GAZA/WEST BANK (Reuters) – Political and physical divisions between Palestinians in the West Bank and Gaza have induced two very different responses to the coronavirus pandemic, with a strict lockdown in the first and crowds milling about freely in the second.
In the Israeli-occupied West Bank, which has 250 recorded cases of the COVID-19 lung disease, a lockdown on public life was swiftly imposed – Bethlehem was sealed off after the first outbreak in March and a state of emergency declared.
But in the Gaza Strip, a densely populated coastal enclave, there have been few restrictions on movement and people packed into public markets and beaches, with few wearing masks against the risk of coronavirus contagion.
Forty km (25 miles) apart and separated by Israel, the West Bank and Gaza have no direct link between them.
Gaza, measuring 375 sq km (145 square miles), is home to around two million Palestinians. Since 2007 it has been under the control of the Islamist militant group Hamas, bitter rivals of President Mahmoud Abbas’s more secular Palestinian Authority whose power base is in the West Bank.
Smaller and poorer, Gaza has for years been under a blockade by Israel, which cites security concerns to stop weapons and money reaching Hamas. Gazans say the blockade has crippled their economy and undermined the development of medical facilities, weakening their ability to face a pandemic.
But the geographical isolation that Gazans chafe against may also have helped stem the entry of the new coronavirus, with only 13 reported cases.
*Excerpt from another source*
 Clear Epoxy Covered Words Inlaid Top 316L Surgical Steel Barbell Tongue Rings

All are at quarantine facilities.
Hamas says health conditions make a full lockdown unnecessary in Gaza, but it has closed schools, mosques and wedding halls and banned large street gatherings.
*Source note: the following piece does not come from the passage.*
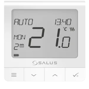 Termostatul Salus VS10BRF este un echipament dedicat pentru sistemele de incalzire in pardoseala sau radiatoare, acesta fiind conectat wireless la un centru de comanda KL08RF/KL10RF sau la un servomotor cu transmisie prin unde radio.

However, public markets remained busy this week. “We will stay home (to avoid coronavirus) when they give us money, food, aid and diapers, our children want to eat,” greengrocer Ahmed Al-Nahal said in the Beach Camp market.
But many fear disaster if the coronavirus penetrates further into the teeming Mediterranean enclave.
Scenes of crowds on beaches last weekend provoked criticism on social media, prompting Hamas to deploy police along the coast urging people not to gather.
“I kept my mouth shut last week but I’m genuinely concerned for Gaza, my family and people here,” Gaza journalist Omar Ghraieb tweeted. “Do we think we are invincible?”
Eyad Al-Bozom, a Hamas interior ministry spokesman, said: “We will not hesitate to impose a curfew if we have to…We are taking necessary decisions in accordance with our daily evaluation.”
The reaction has been different in the West Bank, where the Palestinian Authority exercises limited self-rule over around 3 million Palestinians living alongside Israeli settlements and military bases.
President Abbas ordered tight restrictions that left some West Bank towns nearly deserted except for shoppers going to groceries and pharmacies.
Some flouted the lockdown, prompting security forces to seize their cars, and to intervene last week after hundreds of government employees gathered outside banks to draw salaries.
Palestinian labourers also angered the authorities after reports that they had become infected in Israel then sneaked back into the West Bank, bypassing Israel’s military barriers and Palestinian health officials.
“There are health measures that must be heeded to prevent the spread of the coronavirus.” said Ghassan Nimer, a Palestinian Interior Ministry spokesman.